GSA 2020 Connects Online

Paper No. 199-8
Presentation Time: 3:45 PM

THE MEXICAN FOLD-THRUST BELT: RECORD OF SUBDUCTION-RELATED DEFORMATION IN THE SOUTHERN CORDILLERAN OROGEN


FITZ-DIAZ, Elisa, Instituto de Geologia, Universidad Nacional Autonoma de Mexico, Av. Universidad #3000, C. U., Coyoacán, Mexico D.F., 04510, Mexico, LAWTON, Timothy F., Bureau of Economic Geology, Jackson School of Geosciences, The University of Texas at Austin, Austin, TX 78758 and JUÁREZ-ARRIAGA, Edgar, Centro de Geociencias, Universidad Nacional Autónoma de México, Juriquilla, QA 76230, Mexico

The Mexican fold-thrust belt (MFTB) is a tectonic feature that extends from Sonora in northwestern Mexico to Chiapas in the southeast. It is formed mostly by folded and imbricated Mesozoic-Paleogene sedimentary strata. Middle Jurassic evaporite intervals and Upper Jurassic carbonaceous shale units provided detachment zones. Shortening style was largely controlled by the distribution of paleogeographic elements and by deformation kinematics, which is dominated by NE-directed tectonic transport. The structural style is dominantly thin-skinned in central and southern Mexico, and thick-skinned in northeastern Mexico, where high-angle rift-related normal faults reversed their kinematics during shortening. Strain distribution in the MFTB satisfies critical wedge theory predictions, decreasing toward the foreland. The timing of deformation has been well constrained using Ar-Ar dating on illite partings generated by layer-parallel slip in the flanks of flexural folds, stratigraphic relationships, (U-Th)/He zircon and U-Th/Pb monazite dating. Published data suggest that the orogen developed in episodic pulses of deformation between 95–80, 75–60 and 55­–40 Ma, all of which postdated closure of the back-arc Arperos basin near the western flank of Mexico during late Albian time.

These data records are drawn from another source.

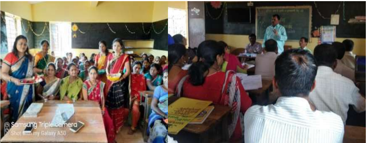
पालक सभा व हळदी कुंकू कार्यक्रम आयोजन

शाळा व्यवस्थापन समिती सदस्यांचे प्रशिक्षण – विद्यार्थ्यांच्या प्रगतीची मुख्य जबाबदारी जरी शिक्षक आणि शाळांची असली, तरी मुलांच्या सर्वांगीण विकासासाठी पालकांनीही योगदान द्यायला हवे. या समितीमध्ये पालकांना महत्त्वाचे स्थान दिल्याने गेल्या काही वर्षांत शिक्षक आणि पालक यांनी एकत्र येऊन समाज सहकार्यातून रहाटोली शाळा ही डिजिटल, ज्ञानरचनावादी शाळा तयार करण्यात यश मिळवले आहे.
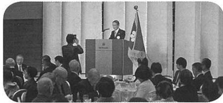
石塚会長あいさつ

平成28年・豊島区高連の「新春のつどい」が1月27日(水)、ホテルメトロポリタン3F富士で開催されました。
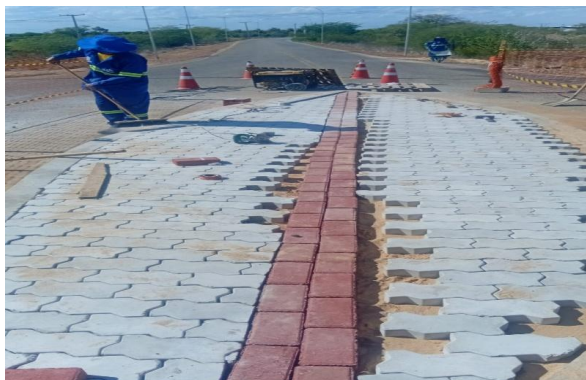
MANDACARU - INTERTRAVADO
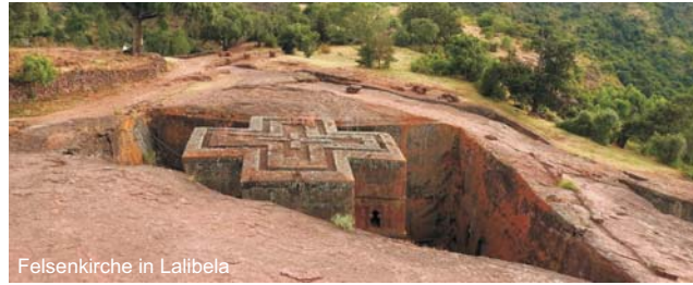
Felsenkirche in Lalibela

GEOPULS wurde 2004 von Dozenten des Geographischen Instituts in Tübingen gegründet und arbeitet seitdem mit ausgewählten Volkshochschulen zusammen. Begeisterte Geographen, die ein Land durch Ihre Arbeit von allen Seiten kennengelernt haben, führen Sie durch Kultur und Natur des Reiseziels, wobei es, neben den touristischen Höhepunkten, immer noch etwas mehr zu sehen und zu erleben gibt. Wenig Bekanntes, tiefe Einblicke, das Erkennen von Zusammenhängen in Kultur- und Naturraum, Hintergründiges. Ausflüge in die Natur mit der einen oder anderen kleinen Wanderung gehören dazu, um auch die landschaftlichen Besonderheiten und deren Schönheit kennenzulernen und zu genießen. Die Teilnehmerzahl ist je nach Reise auf angenehme 12 bis max. 16 Personen beschränkt, was auch noch ein Reisen abseits massentouristischer Strukturen ermöglicht.
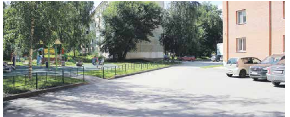
Благоустройство дворовой территории по ул. Пархоменко, 18, 18/1
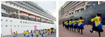
クルーズサポータークラブ「見送り隊」 道産高校の生徒によるエスニックな見送り

デッキ上の乗客・乗員と一体感を持った独特の見送り 軽快なリズムに乗った踊りは, 誰でも簡単に覚えられる
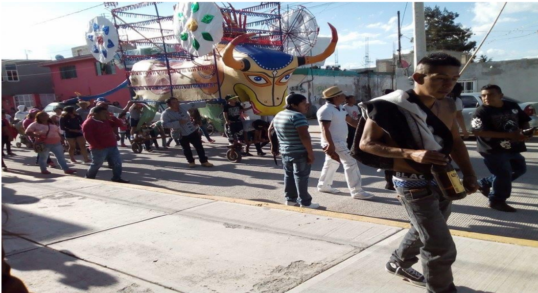
“Torito en el Barrio la Manzana”, Foto propia 55

La pirotecnia es una actividad muy importante entre los pobladores del municipio de Tultepec, los artesanos pirotécnicos de Tultepec nombraron como su santo patrono a San Juan de Dios, lo que creó una gran tradición, así como un impulso artesanal, pues en honor a este Santo se lleva a cabo una feria anual en el mes de marzo, en la que se le ofrecen un sinnúmero de juegos pirotécnicos, castillos, bombas, globos de cantoya y piromusicales, además se realiza un recorrido por las calles del municipio con los llamados “toritos” para exhibirlos y después trasladarlos a la plaza principal donde se queman delante de miles de espectadores, quienes se divierten con estos espectáculos, así mismo se llevan a cabo concursos pirotécnicos, eventos culturales y musicales, sin dejar de lado el aspecto religioso como las misas, peregrinaciones, entre otras cosas. Esta feria recibe el nombre de Feria Internacional de la Pirotecnia desde 1989, a la que asiste un gran número de visitantes, es hoy en día la festividad más popular dentro del municipio. 54
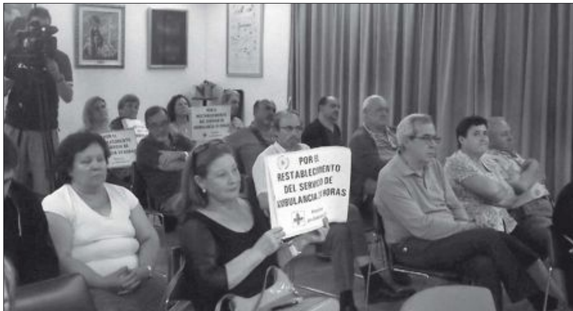
En el pleno del lunes 7 de octubre miembros de la plataforma proambulancia volvieron a exhibir pancartas

Según dijo el concejal del CDL, al Ayuntamiento le costaría 70.000 euros anuales cubrir
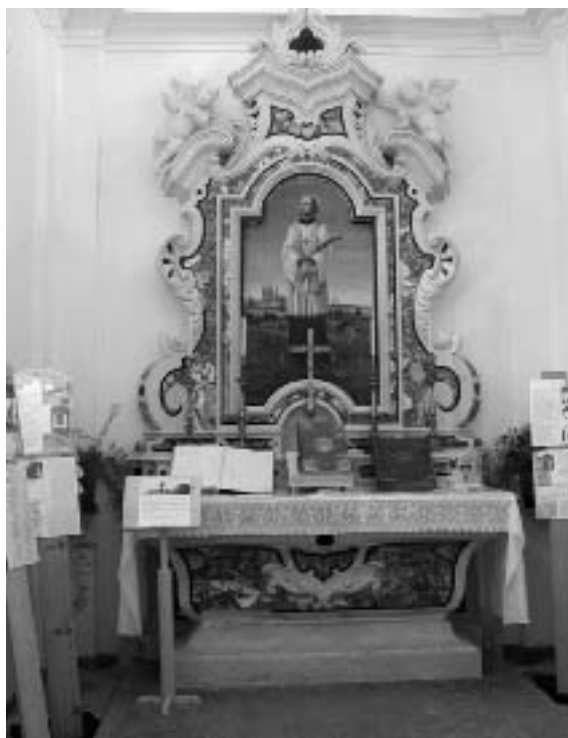
Particolare dell'interno della chiesa di San Giovanni Nepomuceno con l'altare marmoreo e la pala dedicata al santo

Il percorso illustrativo sulle testimonianze sacre presenti nella valle del Vanoi, messo a disposizione dall'ecomuseo del Vanoi, ha suscitato un grande interesse da parte della cittadinanza di Carzano, Telve, Telve di Sopra e Torcegno. Ancora maggiore è stato il coin-
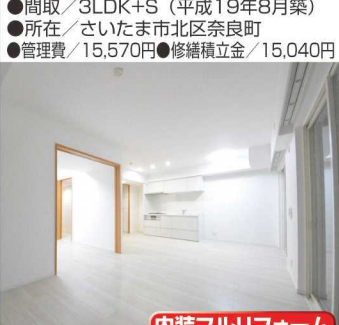
内装フルリフォーム

宮原9分フルリフォーム 2,690万円 ★アドグランデ大宮宮原 ★3方向角部屋★ベットの飼育可能 ★ワイドバルコニー

Although the causes of shortening in the MFTB are still debated, a combination of deformation analyses, synorogenic sedimentation, and regional magmatism timing indicates that the orogenic wedge formed in a retroarc setting that post-dated thrusting of oceanic assemblages on its hinterland flank, which lay offshore of western Mexico during the Aptian. Initial shortening in the MFTB followed the closure of the Arperos basin and Guerrero superterrane accretion by ~10-15 Ma and was coeval with voluminous magmatism on the Pacific margin of Mexico and foundering of eastern carbonate platforms to form the Mexican foreland basin. Periods of acceleration of the North American plate to the west roughly coincide with the episodes of deformation recorded in the MFTB. Taken together, these observations suggest that subduction of the Farallon slab under the North American plate from Late Cretaceous to Eocene time, rather than terrane accretion, was the primary plate-tectonic mechanism of shortening in the MFTB.